Christina has also researched the design and impact of climate assemblies and has recently completed a secondment with the (former) UK Department for Business, Energy and Industrial Strategy as net zero public engagement advisor.
GWR
advisory board member
Educated in Kent, Janet began her working life as a teacher and then lectured in a range of higher education colleges. She was the founding vice chancellor of the University of Gloucestershire.
She was appointed Lord-Lieutenant of Gloucestershire in 2010, a role she relinquished in 2018. Among other charitable roles she is chair of the Chamwell Centre, a hydrotherapy facility primarily for people with additional needs, and the Coalition for the Wellbeing of Children and Young People in Gloucestershire.

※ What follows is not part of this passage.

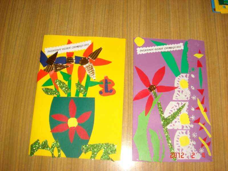 W pierwszym tygodniu wykonywaliśmy laurki z życzeniami dla pacjentów miejscowych szpitali. W technice wycinanki z folii samoprzylepnych powstały piękne kartki, które zostały wręczone 10 i 11 lutego z okazji Światowego Dnia Chorego. Autorzy prac zostali nagrodzeni.

Janet has a particular interest in building developments as an end user and has been involved in a range if infrastructure projects at the university, in the NHS and at the Chamwell Centre, particularly in relation to accessibility.
She is a member of the advisory board of GWR.
Jacobs
director
Peter von Lany is a director at Jacobs with responsibilities for climate change adaptation. He is an ICE Fellow with extensive national and international experience in strategic decision-making relating to water resources planning, flood risk management and climate change adaptation.
Peter is currently involved in a pilot project for the UK Environment Agency to develop and test a framework for applying adaptation pathways to help plan responses to long-term flood and erosion risks at a regional scale. He also advises water utilities on embedding adaptation to climate change within their water resources and investment plans.
He contributed to the peer review of the third UK National Climate Change Risk Assessment (CCRA3). In 2018, he developed a set of outline adaptation pathways to help explore strategic policies for flood and erosion management in the face of climate change at selected UK coastal sites.
Peter chairs the Climate Change Adaptation panel at the British Standards Institution. He helped draft a British Standard (BS 8631:2021) on the application of adaptation pathways within adaptive planning for climate change, having earlier contributed to the drafting of ISO 14090:2019 on climate change adaptation.